• **WHAT THE TASK ASKS**: Start to finish, retype the entries exactly while omitting the pictures.

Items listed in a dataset

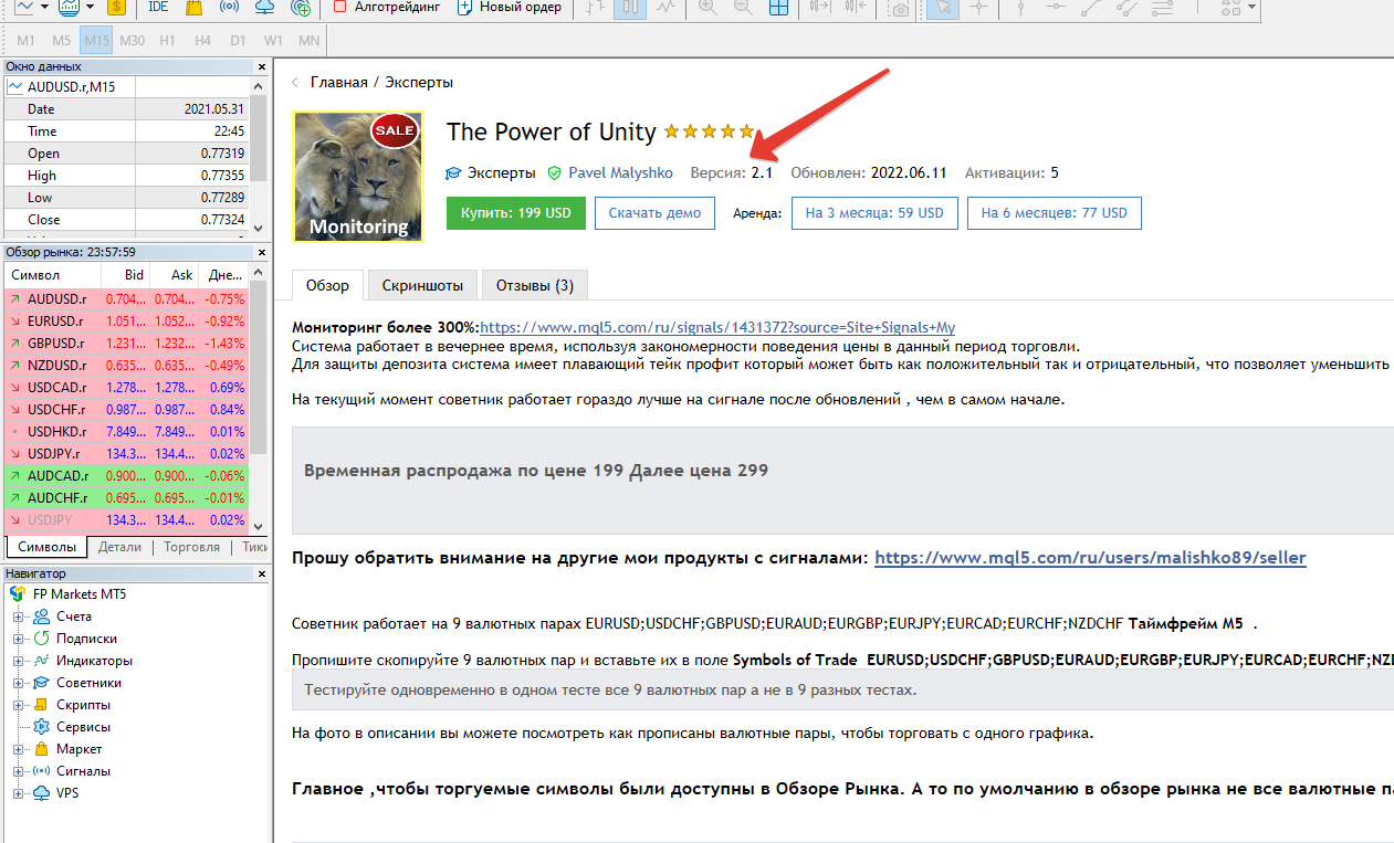 Please know that v2.1 is not on MQL5.
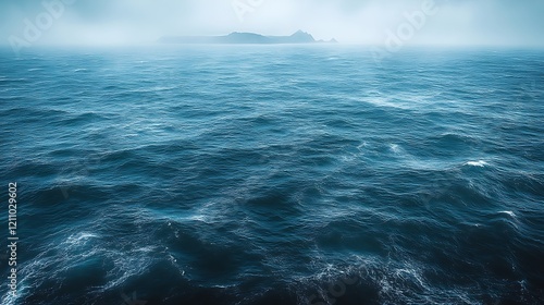 Fototapeta premium Misty Ocean Scene Distant Island Silhouette
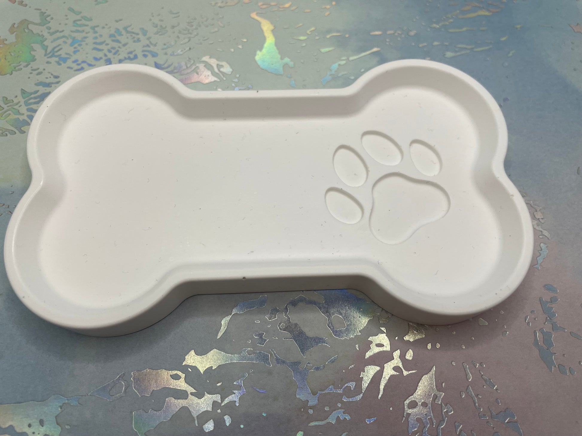 Plateau Os avec Empreinte de Patte en Éco-Résine Blanc
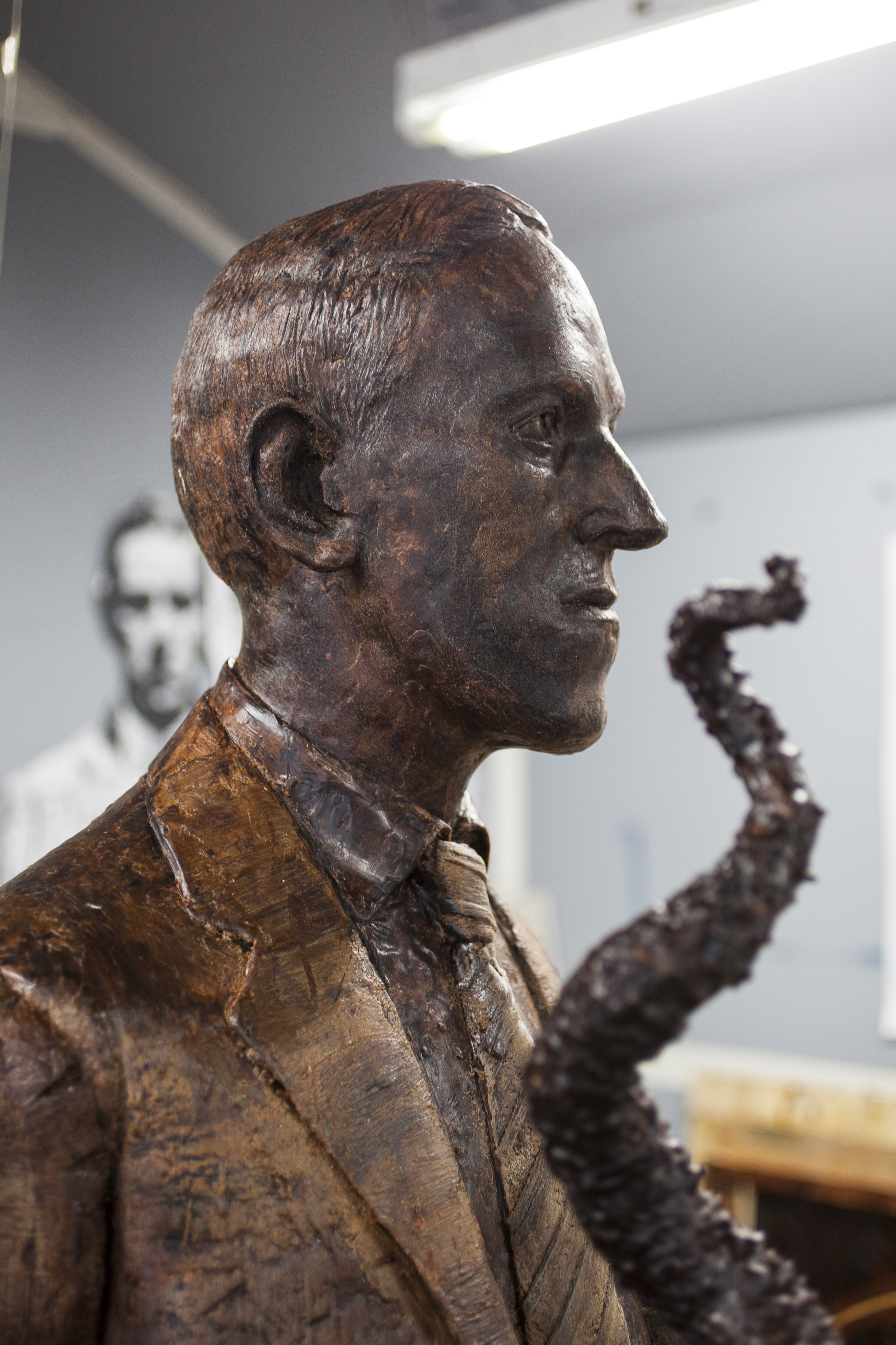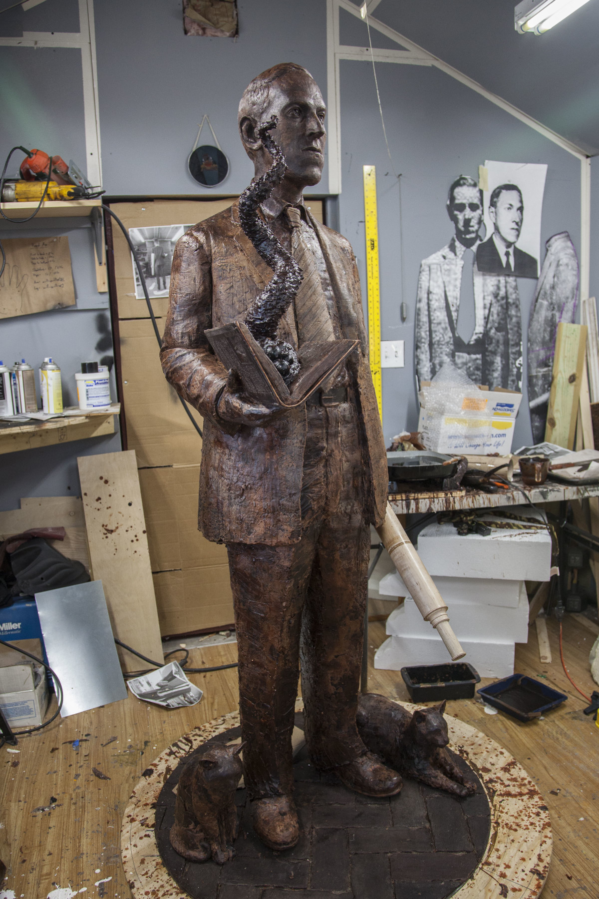 Here are pictures of the life size, bronze statue of H. P. Lovecraft I made for the Lovecraft community. These show images from the proof of concept maquette all the way to delivery of the piece to await final placement. Start from the bottom and scroll up for the journey : )
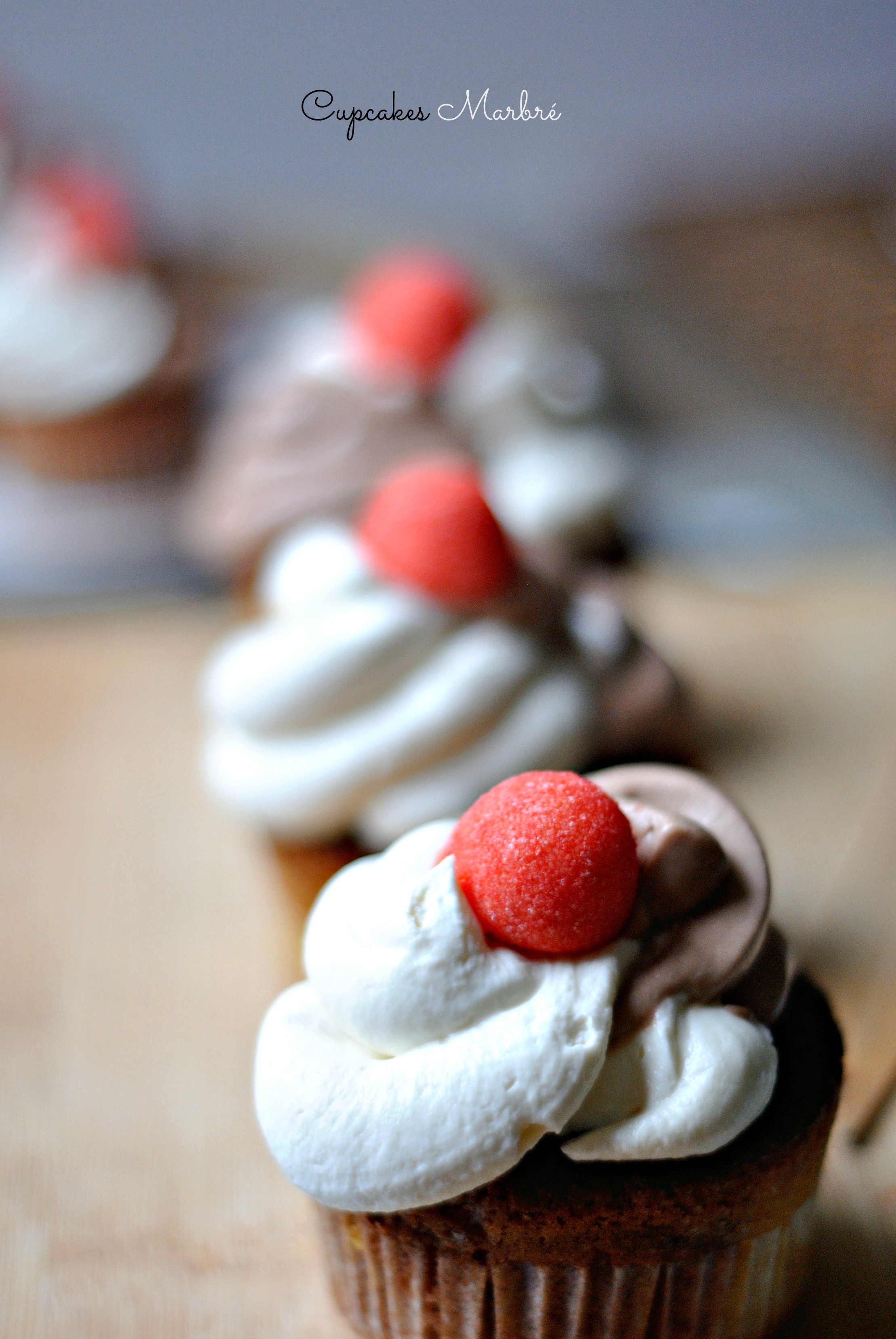 *Prendre une poche à douille (les miennes sont en plastiques jetables),y mettre la chantilly blanche.Faire de même dans une autre poche à douille avec la chantilly marron.Dans une troisième poche à douille vide,y insérer les deux poches à douille remplies.Puis couper le bout à l’aide d’un ciseau et décorer vos cupcakes,en tournant sur le dessus.Décorer (ou pas) d’une fraise tagada.
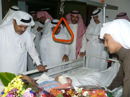 قام وكيل الوزارة للتخطيط والتطوير الدكتور عبيد سليمان العبيد ومستشار الوزير والمشرف على منطقة حائل الأستاذ محمد السبيعي والمشرف العام على المشاريع المهندس أحمد البيز بزيارة للوقوف والاطمئنان على صحة وسلامة القاص والأديب جارالله الحميد بمستشفى الملك خالد بحائل والذي يرقد على السرير الأبيض إثر تعرضه لحادث مروري وضعه بحالة صحية وصفت بالخطرة لتعرضه لكسور مضاعفة جراء الحادث في حائل.من جانبه نقل الدكتور عبيد العبيد صادق مواساة وزير الصحة الدكتور حمد المانع معرباً عن بالغ أسفه تجاه ما حل للحميد متمنياً له الشفاء العاجل ومقدمين له بعد ذلك الهدايا وباقات الورد سائلين المولى - عز وجل - أن يكتب له الشفاء العاجل.
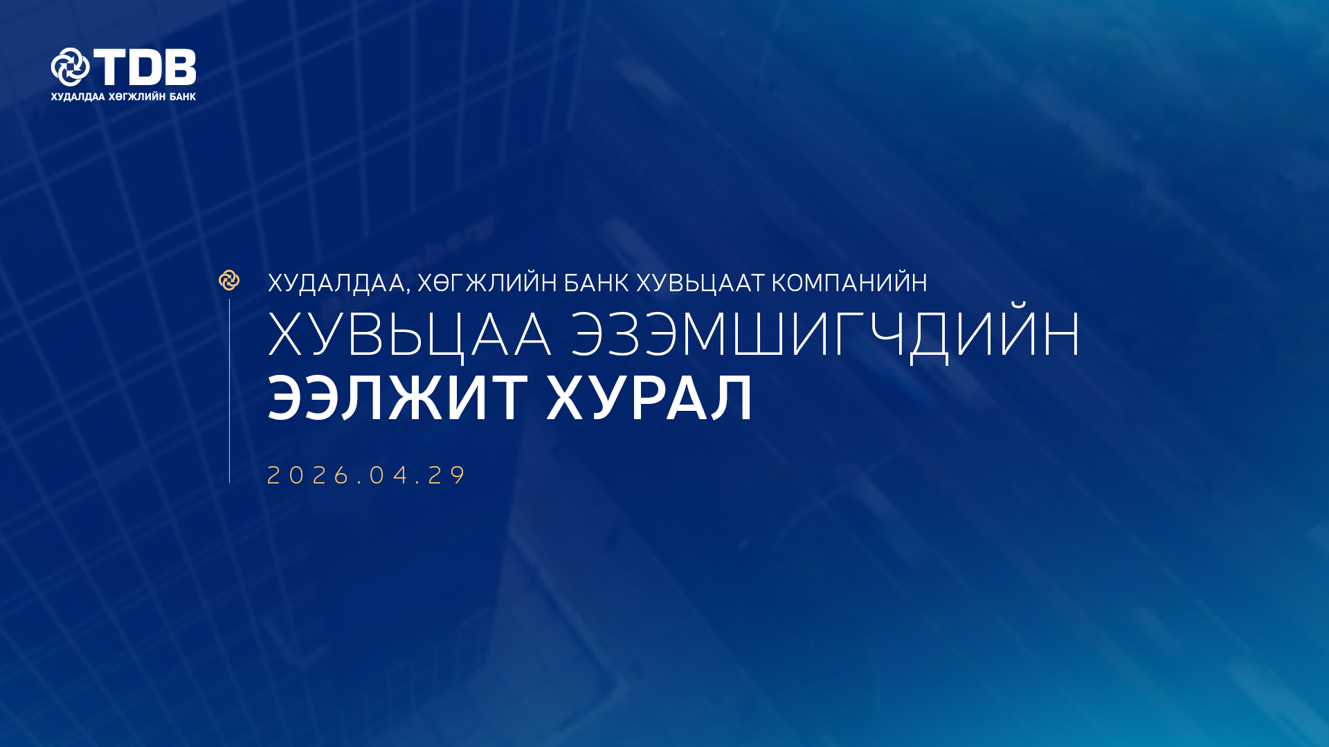 Хуралд зайнаас оролцох хувьцаа эзэмшигчид 2026 оны 4 дүгээр сарын 29-ний өдрийн 9 цаг 45 минутаас өмнө investor.tdbm.mn цахим хуудаст хандан зааврын дагуу хуралд цахимаар оролцож, саналаа өгнө.

• **SOLUTION TO THE PROBLEM**:
 Please know that v2.1 is not on MQL5.
 Fototapeta premium Misty Ocean Scene Distant Island Silhouette
 Plateau Os avec Empreinte de Patte en Éco-Résine Blanc
 Here are pictures of the life size, bronze statue of H. P. Lovecraft I made for the Lovecraft community. These show images from the proof of concept maquette all the way to delivery of the piece to await final placement. Start from the bottom and scroll up for the journey : )
 *Prendre une poche à douille (les miennes sont en plastiques jetables),y mettre la chantilly blanche.Faire de même dans une autre poche à douille avec la chantilly marron.Dans une troisième poche à douille vide,y insérer les deux poches à douille remplies.Puis couper le bout à l’aide d’un ciseau et décorer vos cupcakes,en tournant sur le dessus.Décorer (ou pas) d’une fraise tagada.
 قام وكيل الوزارة للتخطيط والتطوير الدكتور عبيد سليمان العبيد ومستشار الوزير والمشرف على منطقة حائل الأستاذ محمد السبيعي والمشرف العام على المشاريع المهندس أحمد البيز بزيارة للوقوف والاطمئنان على صحة وسلامة القاص والأديب جارالله الحميد بمستشفى الملك خالد بحائل والذي يرقد على السرير الأبيض إثر تعرضه لحادث مروري وضعه بحالة صحية وصفت بالخطرة لتعرضه لكسور مضاعفة جراء الحادث في حائل.من جانبه نقل الدكتور عبيد العبيد صادق مواساة وزير الصحة الدكتور حمد المانع معرباً عن بالغ أسفه تجاه ما حل للحميد متمنياً له الشفاء العاجل ومقدمين له بعد ذلك الهدايا وباقات الورد سائلين المولى - عز وجل - أن يكتب له الشفاء العاجل.
 Хуралд зайнаас оролцох хувьцаа эзэмшигчид 2026 оны 4 дүгээр сарын 29-ний өдрийн 9 цаг 45 минутаас өмнө investor.tdbm.mn цахим хуудаст хандан зааврын дагуу хуралд цахимаар оролцож, саналаа өгнө.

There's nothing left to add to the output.